**Work item**
Look through the entries below and copy exactly the part that begins with the line containing "Introducing Rebel 4Ply, the" and ends with the line containing "Introducing the Loved". Do not copy the pictures.

Stored items:
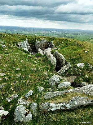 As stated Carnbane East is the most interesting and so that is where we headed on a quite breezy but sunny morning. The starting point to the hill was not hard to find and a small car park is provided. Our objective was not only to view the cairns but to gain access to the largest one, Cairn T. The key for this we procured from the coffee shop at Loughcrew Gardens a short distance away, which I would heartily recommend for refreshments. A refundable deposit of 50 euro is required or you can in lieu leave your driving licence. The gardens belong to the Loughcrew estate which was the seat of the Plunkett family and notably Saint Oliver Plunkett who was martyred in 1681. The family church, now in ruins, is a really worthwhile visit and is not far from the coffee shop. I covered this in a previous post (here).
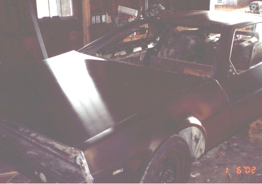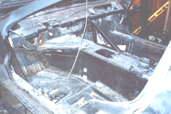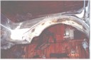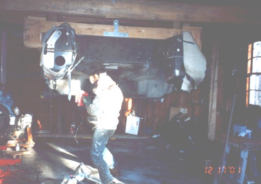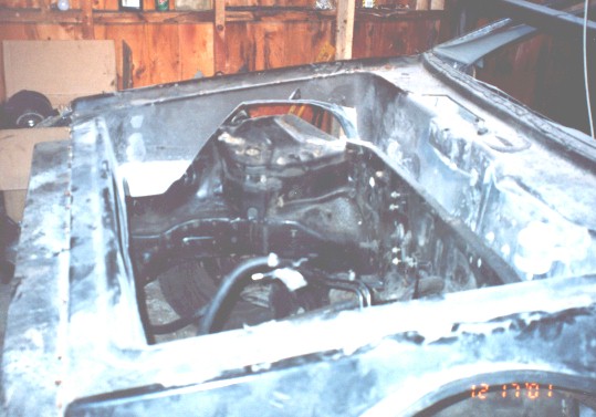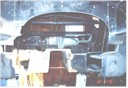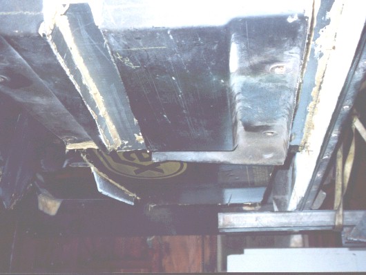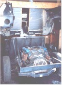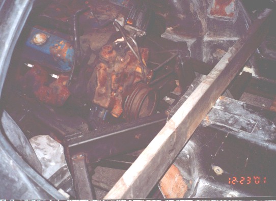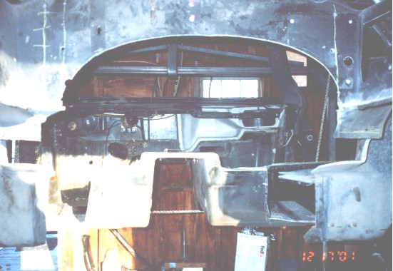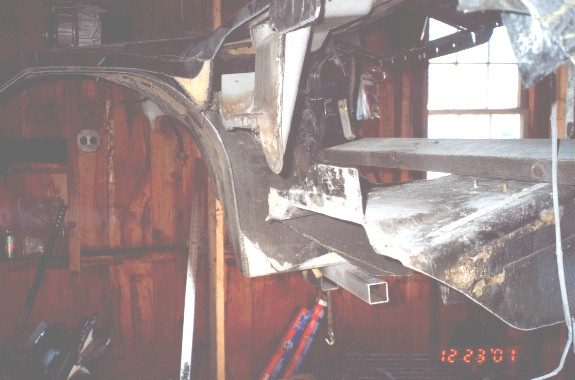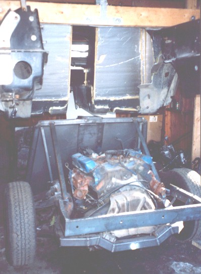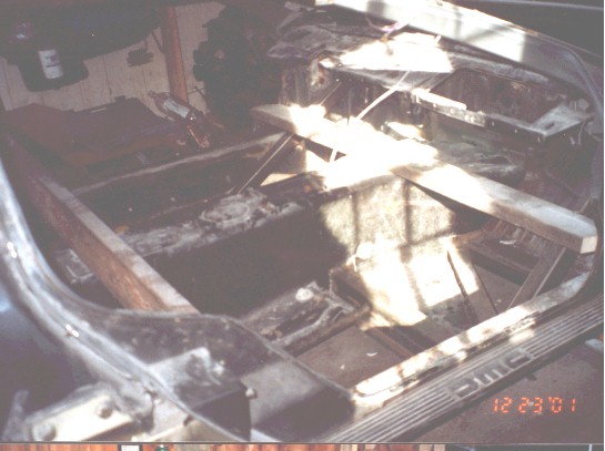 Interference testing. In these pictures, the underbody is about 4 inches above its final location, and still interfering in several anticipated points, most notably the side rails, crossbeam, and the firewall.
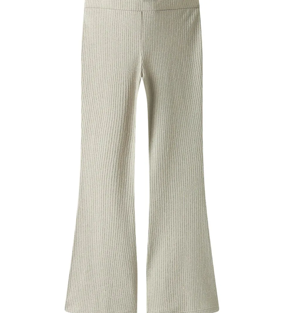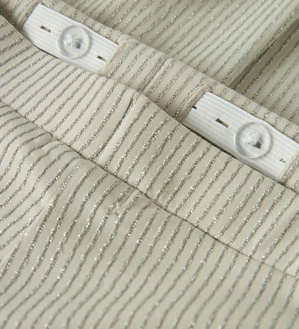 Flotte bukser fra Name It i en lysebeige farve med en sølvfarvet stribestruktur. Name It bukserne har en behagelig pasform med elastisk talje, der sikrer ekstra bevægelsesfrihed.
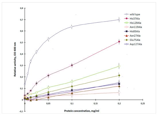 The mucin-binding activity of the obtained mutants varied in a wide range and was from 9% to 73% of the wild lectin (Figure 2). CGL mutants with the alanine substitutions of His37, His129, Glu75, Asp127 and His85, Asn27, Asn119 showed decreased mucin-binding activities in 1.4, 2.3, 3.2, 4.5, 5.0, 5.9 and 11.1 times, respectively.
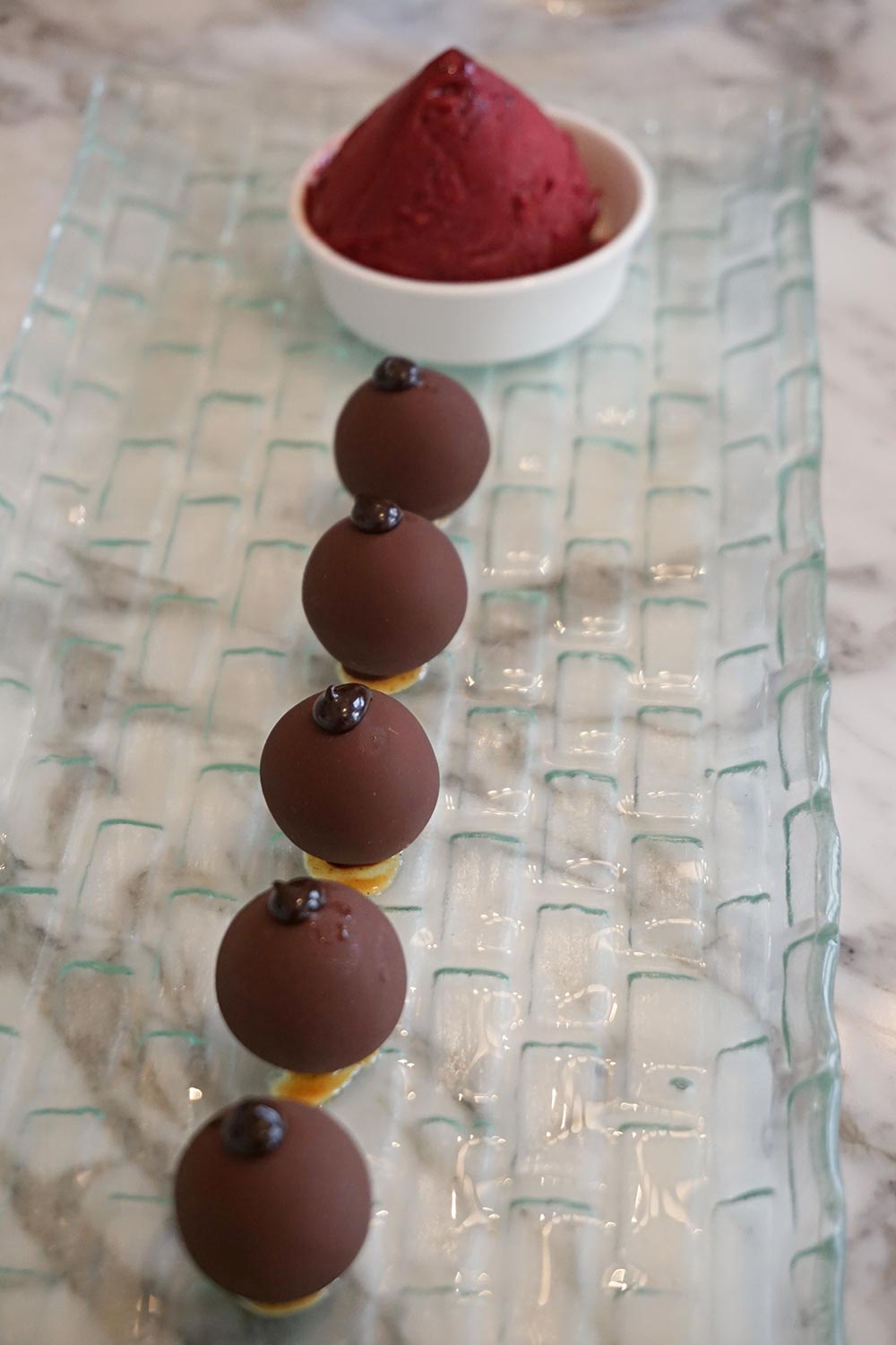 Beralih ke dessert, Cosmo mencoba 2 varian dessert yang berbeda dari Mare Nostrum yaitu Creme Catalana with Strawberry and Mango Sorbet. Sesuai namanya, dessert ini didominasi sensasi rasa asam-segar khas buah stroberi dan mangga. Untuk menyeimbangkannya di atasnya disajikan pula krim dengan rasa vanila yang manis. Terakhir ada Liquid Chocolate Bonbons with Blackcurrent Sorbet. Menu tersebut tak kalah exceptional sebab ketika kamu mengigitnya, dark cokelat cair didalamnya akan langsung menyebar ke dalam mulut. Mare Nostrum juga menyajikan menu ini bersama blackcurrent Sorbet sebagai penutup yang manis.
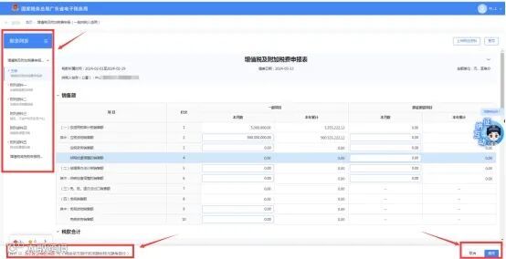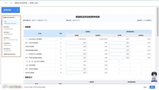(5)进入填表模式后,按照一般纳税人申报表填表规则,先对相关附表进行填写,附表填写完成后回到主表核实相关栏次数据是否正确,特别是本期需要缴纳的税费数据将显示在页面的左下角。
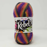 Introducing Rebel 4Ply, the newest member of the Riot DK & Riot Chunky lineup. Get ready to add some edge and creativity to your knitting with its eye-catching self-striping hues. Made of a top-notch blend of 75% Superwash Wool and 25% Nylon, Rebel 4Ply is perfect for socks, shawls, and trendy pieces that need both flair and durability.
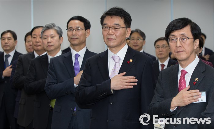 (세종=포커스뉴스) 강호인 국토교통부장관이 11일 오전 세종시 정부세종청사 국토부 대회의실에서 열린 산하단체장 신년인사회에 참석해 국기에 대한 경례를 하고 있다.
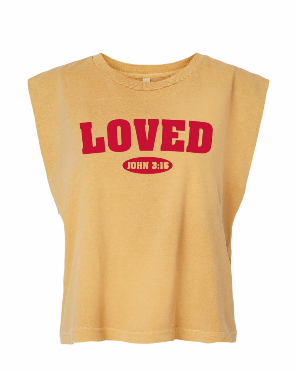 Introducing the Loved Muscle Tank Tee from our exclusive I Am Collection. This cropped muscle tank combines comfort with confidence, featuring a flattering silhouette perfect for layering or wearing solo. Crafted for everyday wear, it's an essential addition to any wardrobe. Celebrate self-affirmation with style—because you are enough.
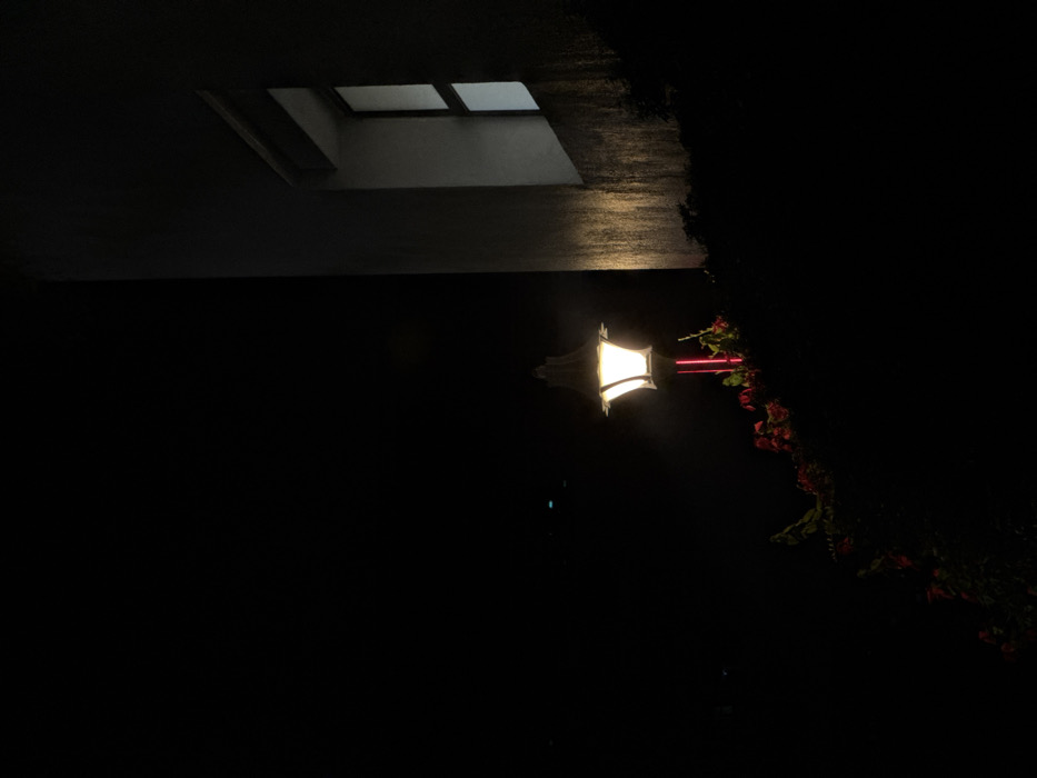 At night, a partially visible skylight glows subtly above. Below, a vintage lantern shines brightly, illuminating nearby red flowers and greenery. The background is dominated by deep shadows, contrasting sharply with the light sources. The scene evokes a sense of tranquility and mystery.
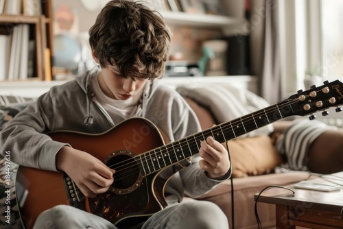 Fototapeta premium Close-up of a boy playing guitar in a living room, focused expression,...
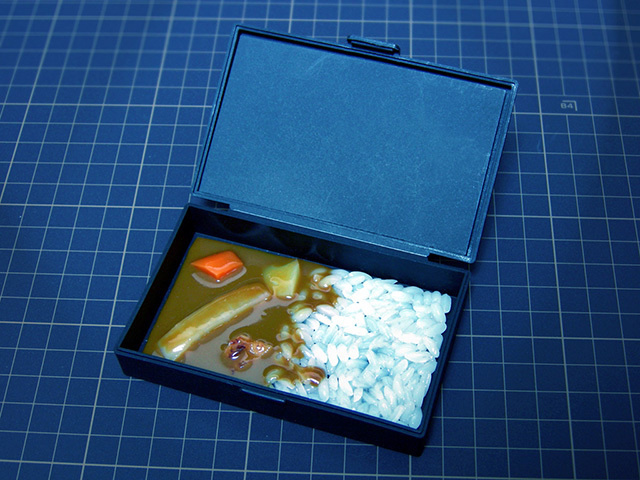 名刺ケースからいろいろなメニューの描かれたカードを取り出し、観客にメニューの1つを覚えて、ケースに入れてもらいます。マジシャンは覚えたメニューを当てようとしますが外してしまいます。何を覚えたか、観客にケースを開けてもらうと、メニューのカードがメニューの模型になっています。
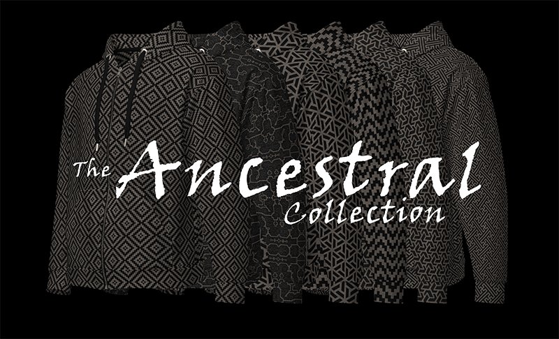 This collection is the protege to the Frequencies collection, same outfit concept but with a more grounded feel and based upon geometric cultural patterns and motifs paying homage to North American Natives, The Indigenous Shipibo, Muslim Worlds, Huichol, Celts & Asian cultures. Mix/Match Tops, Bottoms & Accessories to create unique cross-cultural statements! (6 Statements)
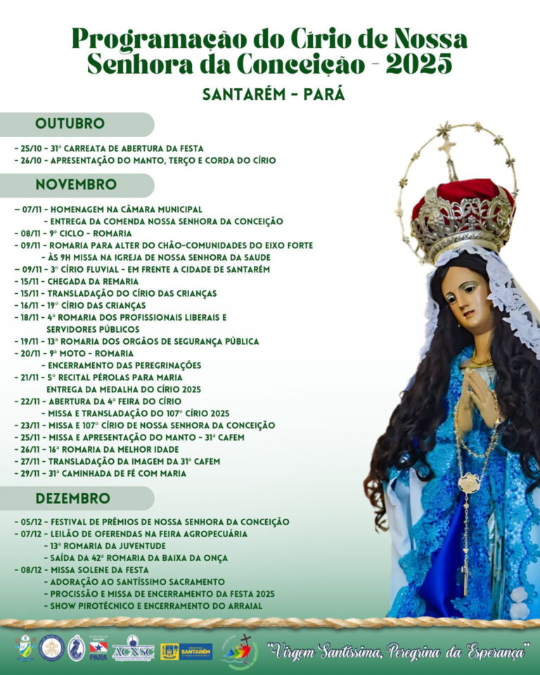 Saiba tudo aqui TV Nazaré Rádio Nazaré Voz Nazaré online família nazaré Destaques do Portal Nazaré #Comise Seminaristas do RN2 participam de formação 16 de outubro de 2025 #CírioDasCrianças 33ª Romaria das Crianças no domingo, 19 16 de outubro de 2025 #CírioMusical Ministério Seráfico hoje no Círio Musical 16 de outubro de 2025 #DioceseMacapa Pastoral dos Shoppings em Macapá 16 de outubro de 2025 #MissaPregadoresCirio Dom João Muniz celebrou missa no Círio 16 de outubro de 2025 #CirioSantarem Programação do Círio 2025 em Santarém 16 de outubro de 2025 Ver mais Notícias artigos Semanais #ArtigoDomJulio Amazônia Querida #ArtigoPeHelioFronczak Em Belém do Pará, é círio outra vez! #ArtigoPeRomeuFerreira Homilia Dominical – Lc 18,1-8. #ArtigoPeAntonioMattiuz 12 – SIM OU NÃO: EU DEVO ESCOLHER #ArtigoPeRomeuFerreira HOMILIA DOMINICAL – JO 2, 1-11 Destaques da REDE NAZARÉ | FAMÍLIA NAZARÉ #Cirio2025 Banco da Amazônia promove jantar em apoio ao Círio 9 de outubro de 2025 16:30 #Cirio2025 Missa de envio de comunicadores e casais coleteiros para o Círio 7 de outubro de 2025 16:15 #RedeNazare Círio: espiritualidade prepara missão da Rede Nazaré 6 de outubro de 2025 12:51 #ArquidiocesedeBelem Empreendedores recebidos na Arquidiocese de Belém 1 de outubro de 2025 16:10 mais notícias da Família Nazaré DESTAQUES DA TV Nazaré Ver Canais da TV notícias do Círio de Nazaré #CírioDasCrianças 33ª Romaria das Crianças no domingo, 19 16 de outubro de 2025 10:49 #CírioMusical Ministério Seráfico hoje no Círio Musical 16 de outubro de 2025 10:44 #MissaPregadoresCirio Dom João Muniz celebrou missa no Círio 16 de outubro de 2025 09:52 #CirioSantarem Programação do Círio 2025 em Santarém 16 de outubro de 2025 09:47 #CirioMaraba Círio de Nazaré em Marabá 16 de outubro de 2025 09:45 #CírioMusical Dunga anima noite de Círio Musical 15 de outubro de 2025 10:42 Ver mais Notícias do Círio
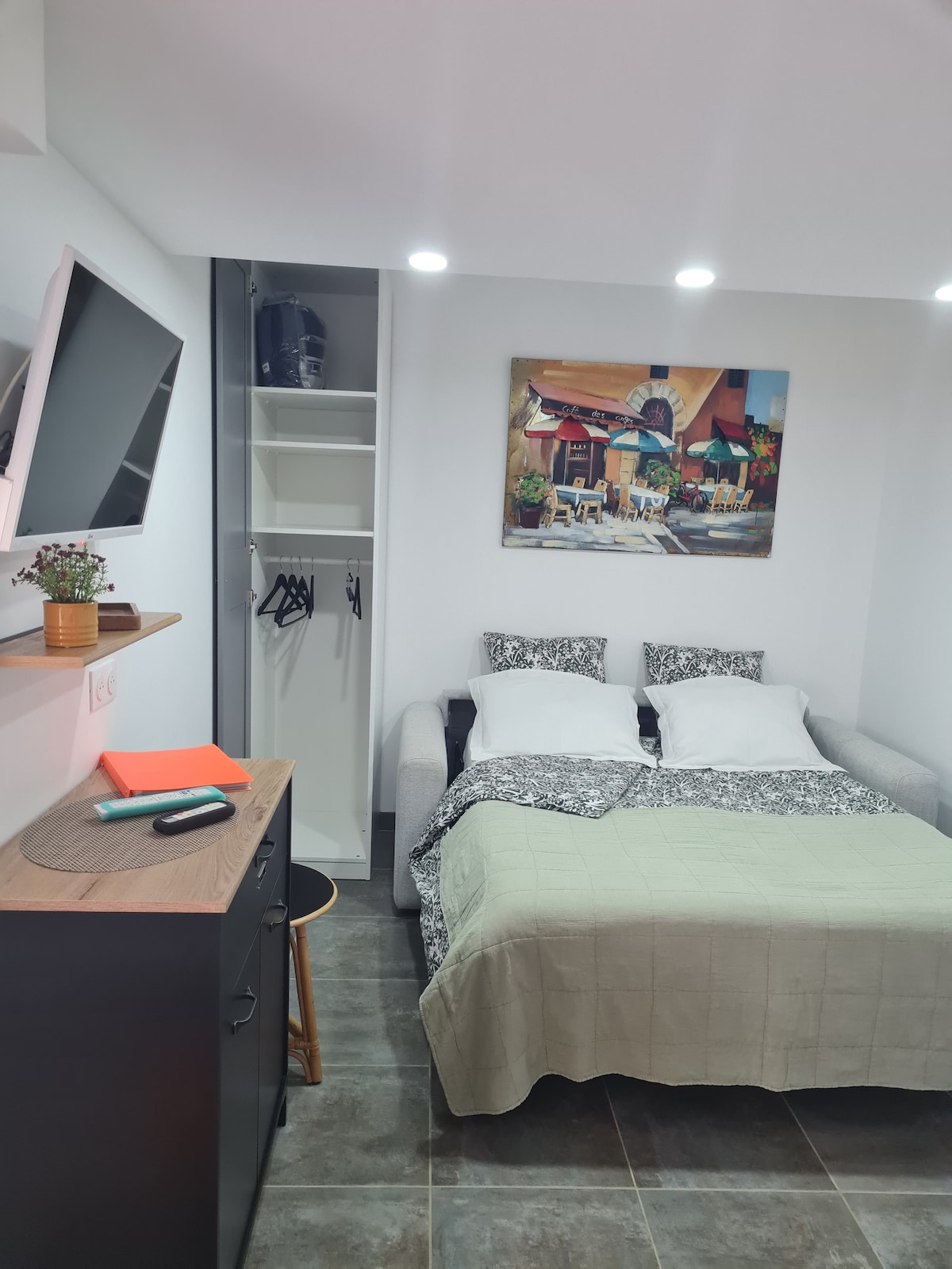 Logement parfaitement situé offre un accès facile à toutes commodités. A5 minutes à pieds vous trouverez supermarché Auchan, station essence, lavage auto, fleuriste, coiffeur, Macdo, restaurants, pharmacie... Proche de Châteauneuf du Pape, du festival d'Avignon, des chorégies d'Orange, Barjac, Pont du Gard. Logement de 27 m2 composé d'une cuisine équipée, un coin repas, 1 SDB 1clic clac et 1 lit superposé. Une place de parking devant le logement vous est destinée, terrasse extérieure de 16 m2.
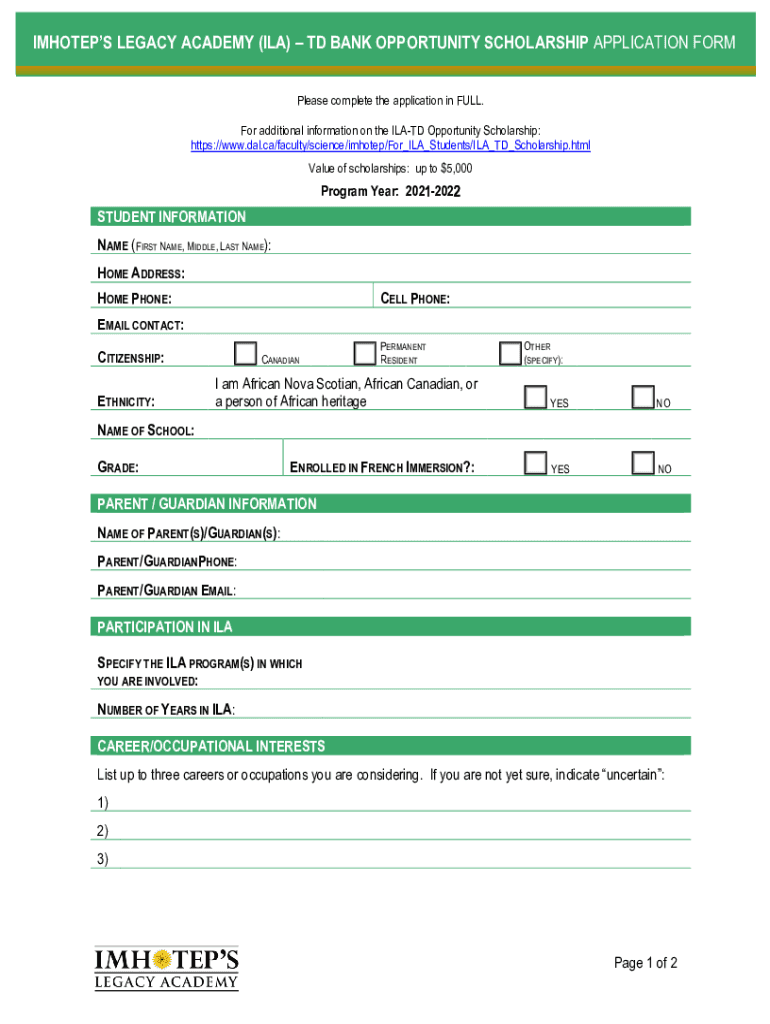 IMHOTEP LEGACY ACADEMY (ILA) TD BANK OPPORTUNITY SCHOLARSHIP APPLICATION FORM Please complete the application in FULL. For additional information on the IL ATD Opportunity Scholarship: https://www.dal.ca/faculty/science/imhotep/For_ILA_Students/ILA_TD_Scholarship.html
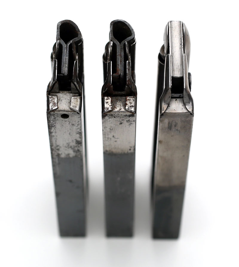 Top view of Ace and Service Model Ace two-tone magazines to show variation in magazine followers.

**Output of the exercise**
 Introducing Rebel 4Ply, the newest member of the Riot DK & Riot Chunky lineup. Get ready to add some edge and creativity to your knitting with its eye-catching self-striping hues. Made of a top-notch blend of 75% Superwash Wool and 25% Nylon, Rebel 4Ply is perfect for socks, shawls, and trendy pieces that need both flair and durability.
 (세종=포커스뉴스) 강호인 국토교통부장관이 11일 오전 세종시 정부세종청사 국토부 대회의실에서 열린 산하단체장 신년인사회에 참석해 국기에 대한 경례를 하고 있다.
 Introducing the Loved Muscle Tank Tee from our exclusive I Am Collection. This cropped muscle tank combines comfort with confidence, featuring a flattering silhouette perfect for layering or wearing solo. Crafted for everyday wear, it's an essential addition to any wardrobe. Celebrate self-affirmation with style—because you are enough.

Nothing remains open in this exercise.